Work to be completed:
Reproduce, exactly and only, the lines of the data that follows from the one containing "Cheers Minimalist Dark" down to the one containing "Zegarek Tommy Hilfiger", without pictures.

Information provided:
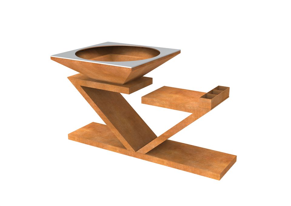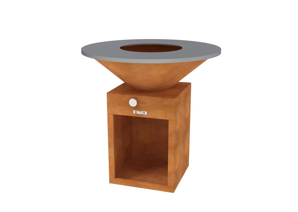 Barbecue extérieur moderne en acier Corten écologique, foyer robuste avec four à pizza et dispositif de sécurité anti-flamme
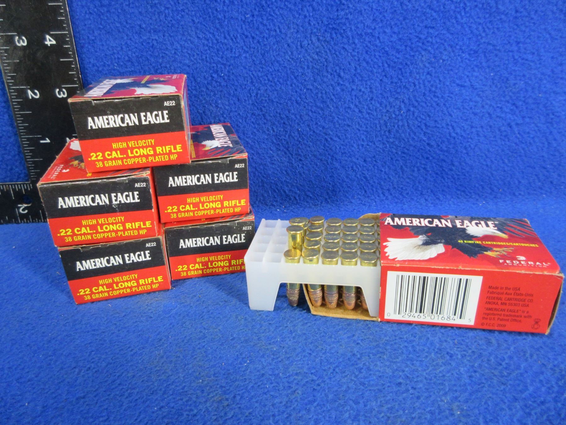22 LR 38gr Copper-Plated HP (Pick Up or Ship by UPS Only) Federal American Eagle Cartridges - 5 Boxes of 40, Box of 30
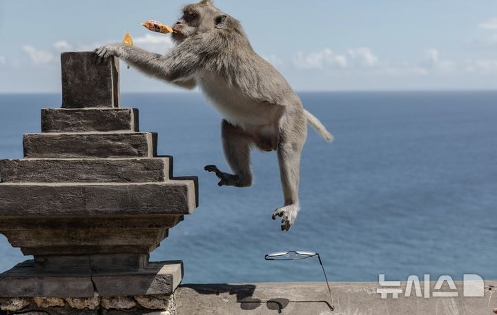 27일(현지시간) 월스트리트저널(WSJ)은 발리 울루와뚜 사원에서 관광객들 물건을 훔치는 원숭이들을 조명했다.
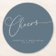 Cheers Minimalist Dark Dusty Blue Script Custom Wedding Round Paper Coaster
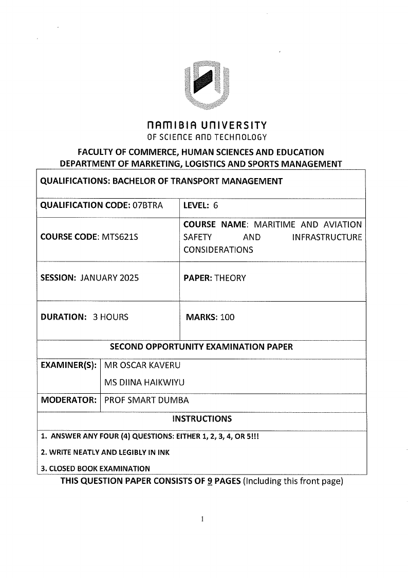 MTS621S - MARITIME AND AVIATION SAFETY AND INFRASTRUCTURE CONSIDERATION - 2ND OPP - JANUARY 2025 |
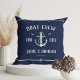 Bateau pour la vie ! Ancrage moderne lancer l'oreiller en bleu marine classique et blanc présentant vos noms et date entourés de détails de corde. Grand cadeau pour les amateurs de bateaux pour la Saint Valentin, les jeunes mariés, les mariages, les renouvellements de voeux, ou les anniversaires.
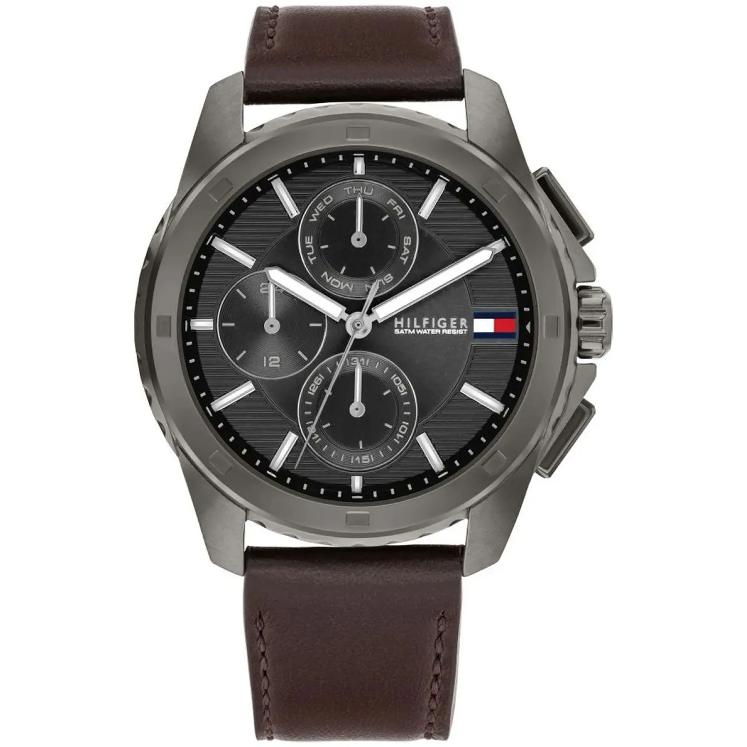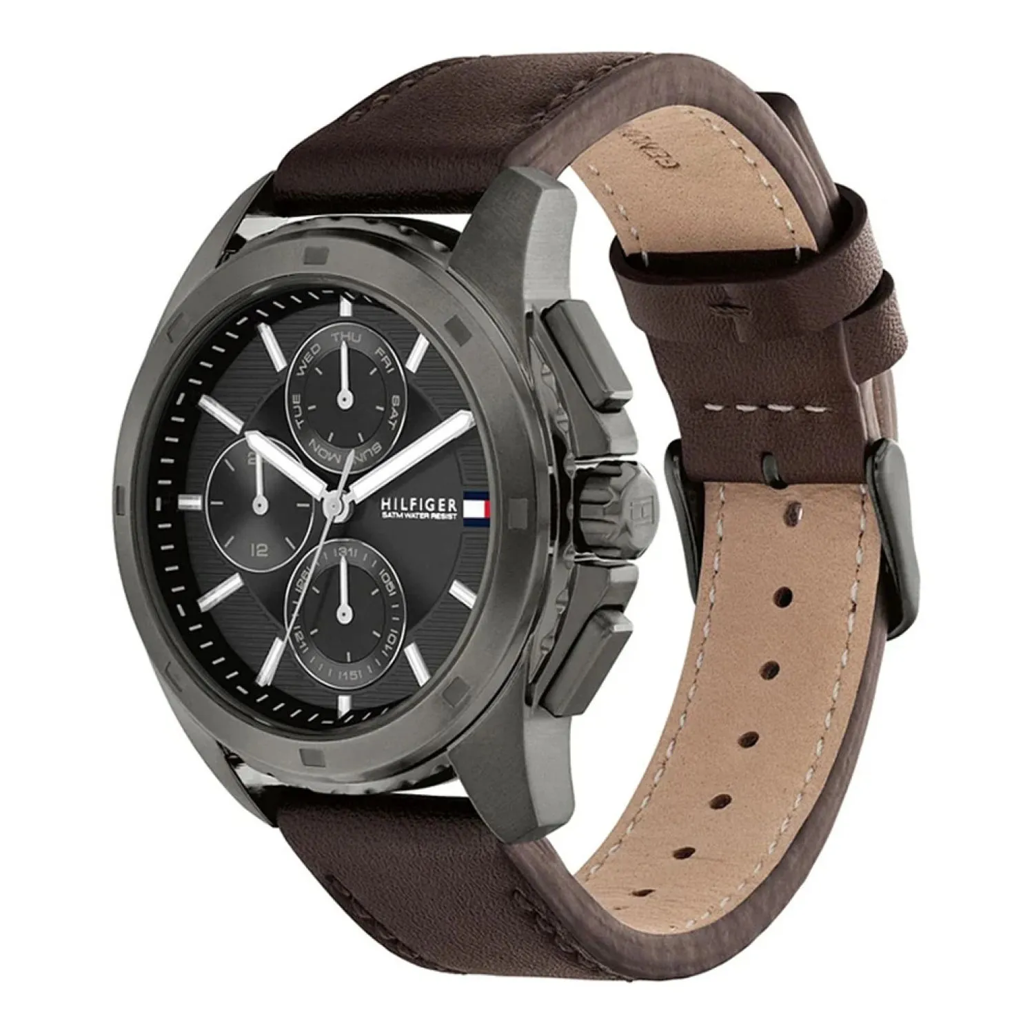 Zegarek Tommy Hilfiger Walker 1710623 z kwarcowym mechanizmem, w szarej obudowie, posiada czarną tarczę z multidatownikiem, to połączenie klasycznego designu i nowoczesnych funkcji. posiada 5ATM wodoszczelności.
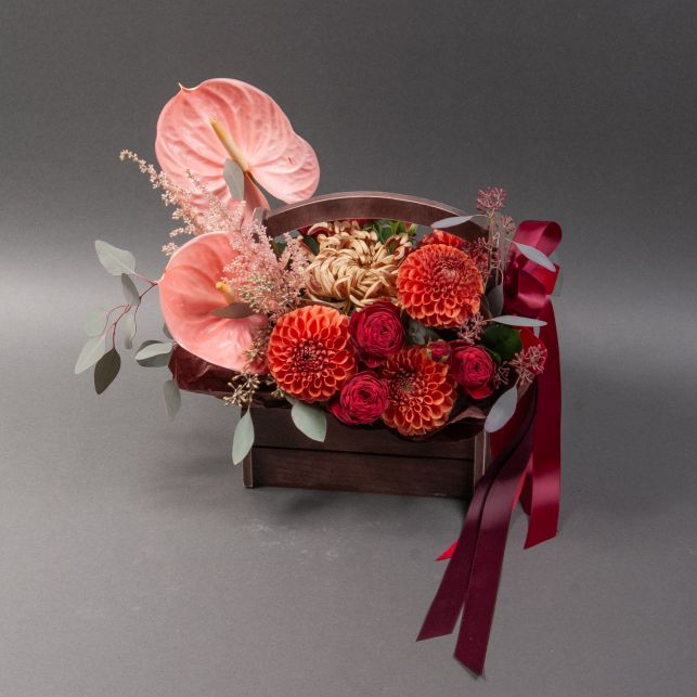 Don't miss the opportunity to make your home even more beautiful and inviting. Purchase the Composition in a wooden vase with dahlias and anthurium at Camellia and enjoy the best quality and the unsurpassed beauty of nature in your home.
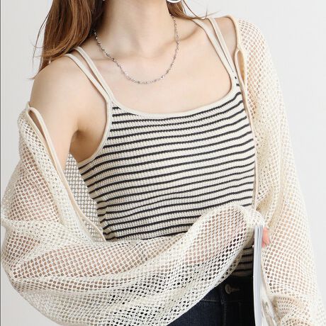 ベーシックな配色で色々な着こなしに合わせやすいボーダー柄のキャミソールです
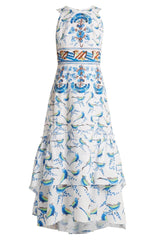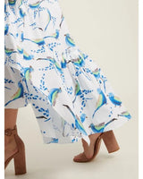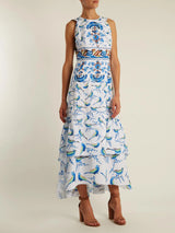 Peter Pilotto's white stretch-cotton poplin midi dress is printed with a blue, brown and green bird print that mirrors the markings on traditional Italian ceramics. It's cleverly cut with flattering shoulder straps, and flares into a tiered skirt with gathered panels to ensure beautiful movement.
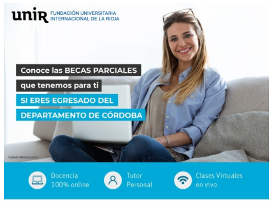 Me permito de manera muy cordial compartir con ustedes, de parte de la Universidad Internacional de la Rioja- UNIR, y la Fundación Universitaria Internacional de la Rioja, información relacionada con becas parciales para realizar estudios de pregrados, especializaciones y maestrías; así mismo les extiendo la invitación para que nos visiten en la sede Montería, ubicada en la Av. 1 calle 31 Torre Garcés.
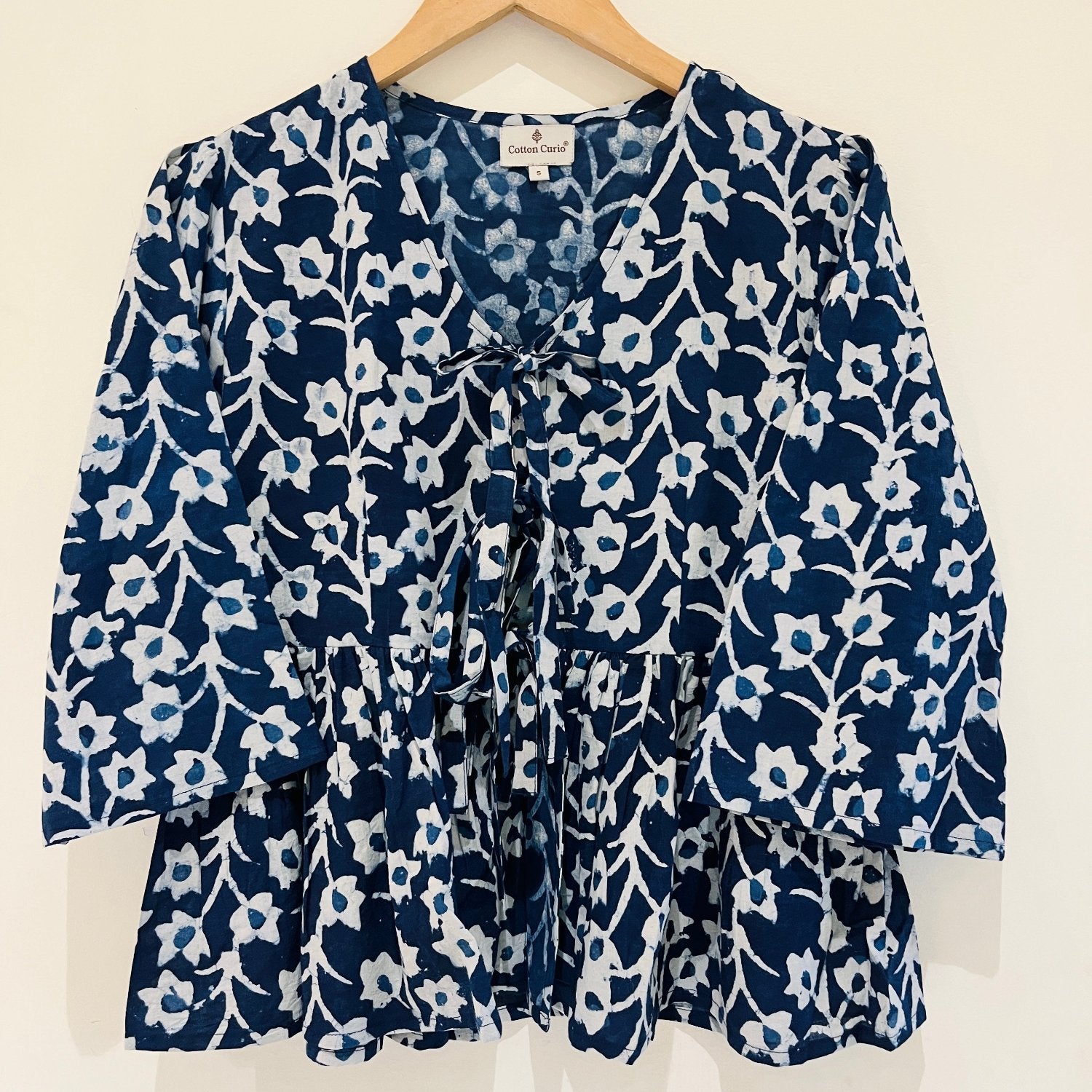 Get ready to fall in love with this super cute Natural Indigo cotton top! With its Pinterest-worthy style, it features a sweet tie-front, a cozy V neck, and adorable flutter sleeves. The length is just right at 22-25", perfect for pairing with your favorite high-waisted jeans. Each one is handcrafted with love, and it’ll be shipped to you in 2-4 days, made just for you!

Result of this exercise:
 Cheers Minimalist Dark Dusty Blue Script Custom Wedding Round Paper Coaster
 MTS621S - MARITIME AND AVIATION SAFETY AND INFRASTRUCTURE CONSIDERATION - 2ND OPP - JANUARY 2025 |
 Bateau pour la vie ! Ancrage moderne lancer l'oreiller en bleu marine classique et blanc présentant vos noms et date entourés de détails de corde. Grand cadeau pour les amateurs de bateaux pour la Saint Valentin, les jeunes mariés, les mariages, les renouvellements de voeux, ou les anniversaires.
 Zegarek Tommy Hilfiger Walker 1710623 z kwarcowym mechanizmem, w szarej obudowie, posiada czarną tarczę z multidatownikiem, to połączenie klasycznego designu i nowoczesnych funkcji. posiada 5ATM wodoszczelności.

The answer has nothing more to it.